In that greatest of true crime stories, In Cold Blood, enjoying a revival this year, Truman Capote built suspense toward the terrible murder of the Clutter family by walking us through the final day of each doomed family member, interrupting the ambling narrative with the steady drumbeat of their murderers' approach. When Perry Smith and Dick Hickock pull into the driveway of the Clutter home in darkness, Capote abruptly skips over the critical hours of the crime to the following morning, when neighbors discover the Clutters' bloody remains. He does this to maintain suspense-we all want to know exactly what happened inside that house-and keep us reading but also because he doesn't want to describe the crime until he has laid the groundwork for us to understand why it was committed. In Cold Blood isn't a whodunit, it's a why-dunit.
Most crime stories are ultimately about the doer.

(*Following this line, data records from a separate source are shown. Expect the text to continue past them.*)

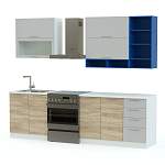 Кухня София микс BMS – компактная кухня современного дизайна, которая сразу привлекает внимание гармоничным сочетанием классических оттенков под массив дерева и контрастных тонов. Для максимального удобства размещения бытовой техники, посуды и столовых приборов модель оборудована в нижней части тремя тумбами – под мойку, с распашными отделениями и выдвижными ящиками. Навесные элементы – открывающиеся вверх ящики и открытые полки. Купить кухню София микс BMS по лучшей цене приглашаем в наш интернет-магазин.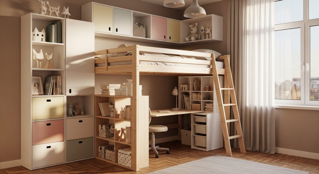| Hochbett / Etagenbett | Gewinnt Nutzfläche darunter | Ideal für Schreibtisch oder Spielecke |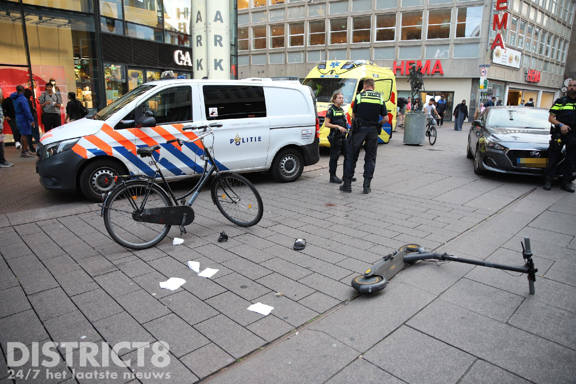 Twee gewonden na aanrijding tussen fiets en step Grote Marktstraat Den Haag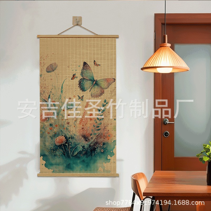 竹カーテン吊り絵画竹ローラーブラインド絵画モダンな装飾動物カラー絵画パターン吊り絵画竹吊り絵画

Donald Kueck, John Shallenberger, Matt Novak, Antoinette Frank and Rogers LaCaze, John Ames, Louis Eppolito and Stephen Caracappa, Eric Scheffey, Mohammed Bouyeri, Jason Itzler, Peggy Jo Tallas… these are the characters who animate these stories and make us want to keep reading. We are fascinated by the exact details of their crimes, but what we hope those details finally add up to is an understanding of why they did what they did.

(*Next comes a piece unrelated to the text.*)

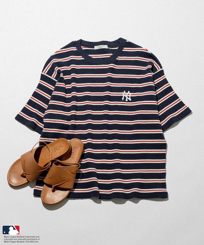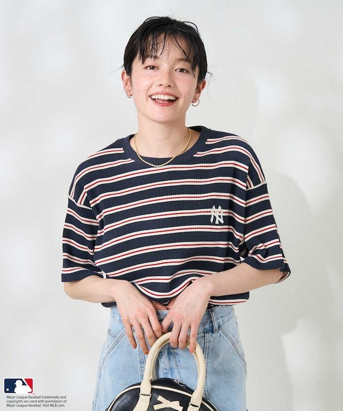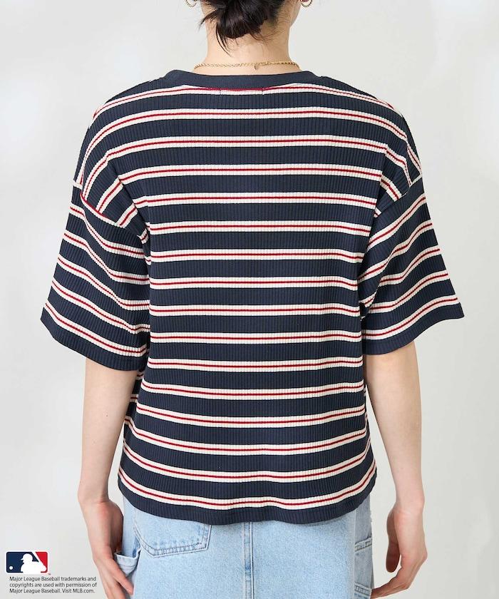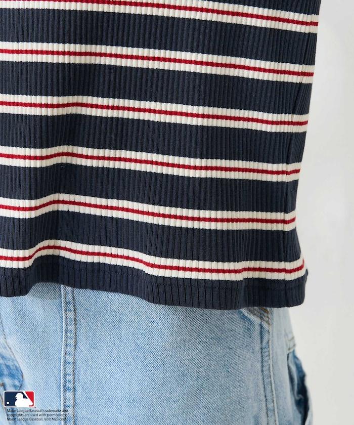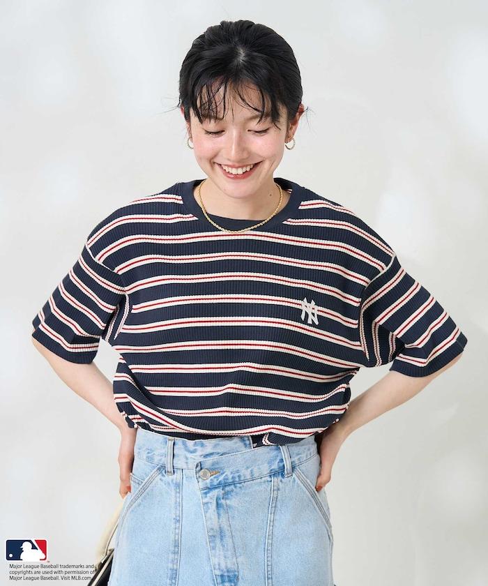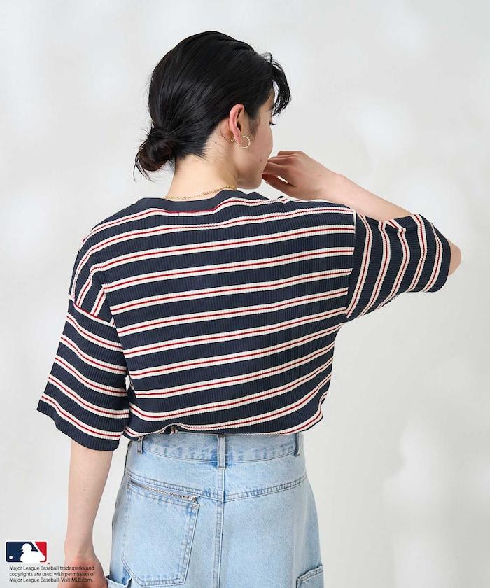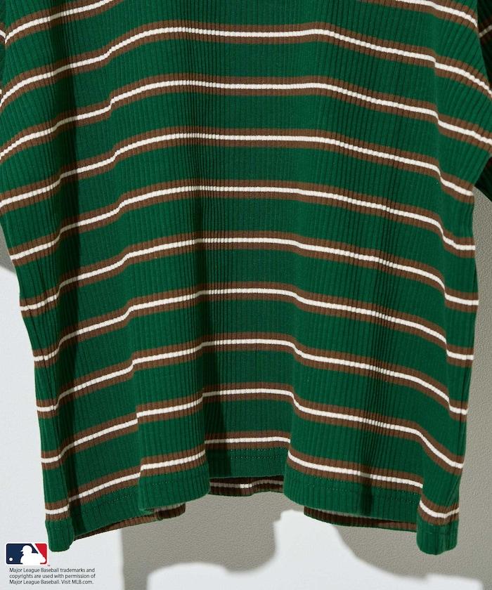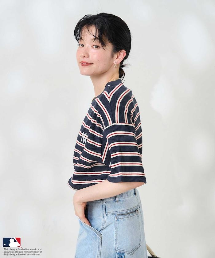 帶有多條紋裝飾的 MLBT 襯衫,烘托季節氣氛。
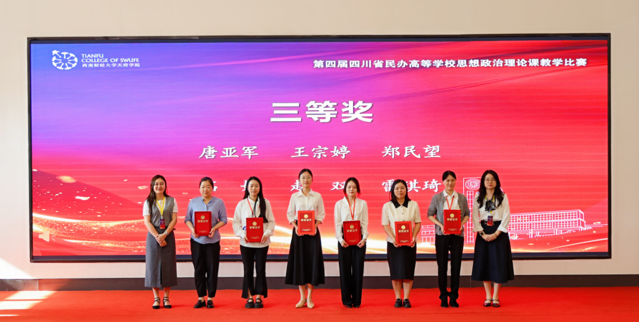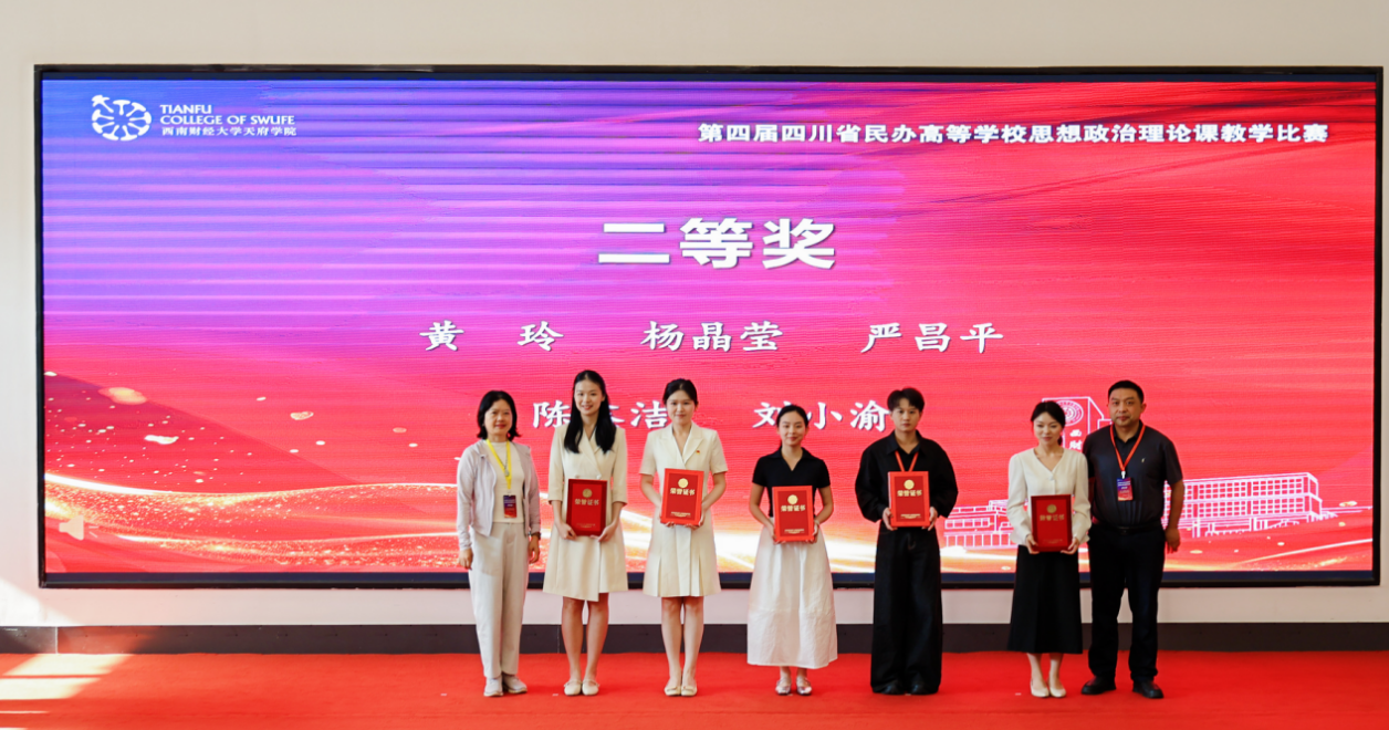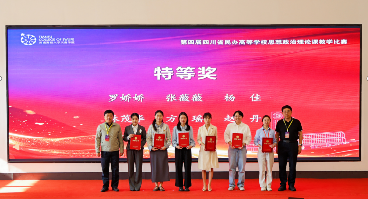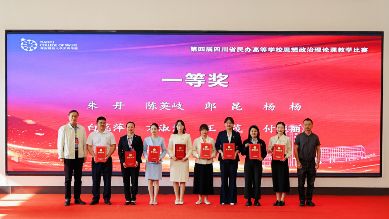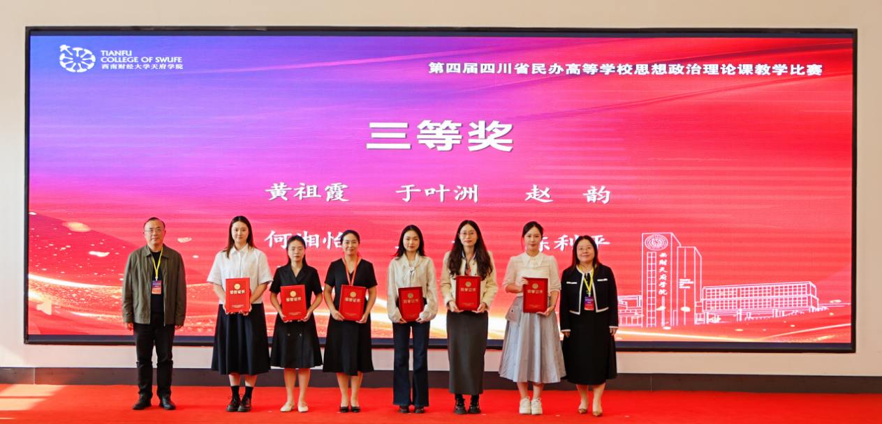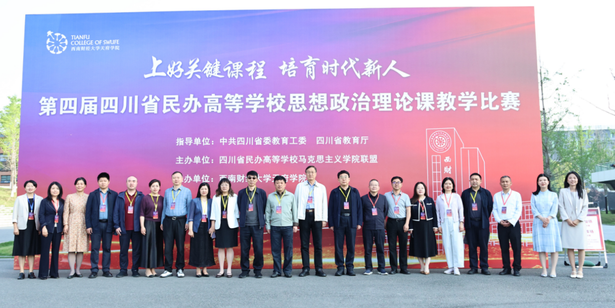 为深入学习贯彻习近平新时代中国特色社会主义思想和党的二十大、二十届历次全会精神,落实习近平总书记关于思政课建设重要指示精神及新时代学校思政课建设推进会精神,锻造好落实立德树人根本任务的关键课程,推动四川省民办高校思政课建设协同发展新格局,4月25日,第四届四川省民办高等学校思想政治理论课教学比赛在西南财经大学天府学院德阳校区成功举办。本次比赛由中共四川省委教育工委、四川省教育厅指导,四川省民办高校马克思主义学院联盟主办,西南财经大学天府学院承办,以“上好关键课程,培育时代新人”为主题。四川省委教育工委、四川省教育厅宣传思想与统战工作处处长李大鹏,教育部思政课教学指导委员会委员、四川省高校思政课教学研究会会长唐晓勇,四川省德阳市罗江区委副书记维色木果,西南财经大学天府学院党委书记、省政府督导专员韩秀英,西南财经大学天府学院副校长苟兴才、周阳等领导出席活动。四川省50余所高校的马克思主义学院负责人,四川省普通高中党委书记、校长,马克思主义理论领域资深专家,四川省民办高校和四川省中职院校一线思政课教师以及高校学生代表260余人现场学习观摩。西南财经大学天府学院副校长张之明主持。

In that sense, the crime story has long been at odds with the tendency to explain all criminal and antisocial behavior as mental illness. How boring would the world be if evil were just a malfunction? If all we needed to live law-abiding, respectable lives was a level head? For all but a few genuinely afflicted souls, crime is a deliberate choice. Crime writers have always known that their best subjects were completely sane. Their stories show how and why perfectly sane people do supposedly insane things.
There is a bit of larceny and murder in all of our souls, although most of us choose to restrain it, out of virtue but also out of timidity. I once wrote a story about a criminal who believed he was, in fact, the most honest man in the world. He admitted that he enthusiastically cheated on his wife and took breathtakingly ambitious leaps into illegality, not because he was mentally ill or evil, but because he recognized the truth about all men. "All men cheat on their wives when they can get away with it"-he told me-"and they all break the law when it's to their benefit." He believed he was more honest than other men because he admitted these things about himself, and embraced them. The fact that he was telling me these things from a federal prison cell was just conclusive proof of the hypocrisy of man.
So maybe that's the heart of it. Maybe the criminal chooses his or her path because it is, for them, the truest one, or the more courageous one. Trapped in an unhappy relationship, why not kill our spouse? Can't make ends meet and need a little excitement in your life? Why not cross-dress and knock off a few banks? Crave sex with small boys? Why not manage a boys' choir or an orphanage?
The precision in these stories fixes crime to real people, real places, real dates and times, and in doing so shows how frightfully ordinary it is. The perpetrators are not mentally ill, they are greedy, covetous, selfish, and amoral. Thankfully, few of us make these choices, but crime stories remind us that we are, nevertheless, constantly faced with them. Virtue and lawfulness are choices we make every day-when we are lucky, in the absence of severe temptation. These stories coldly examine the alternatives, and by illustrating the painful and usually self-destructive consequences, comfort us on our way.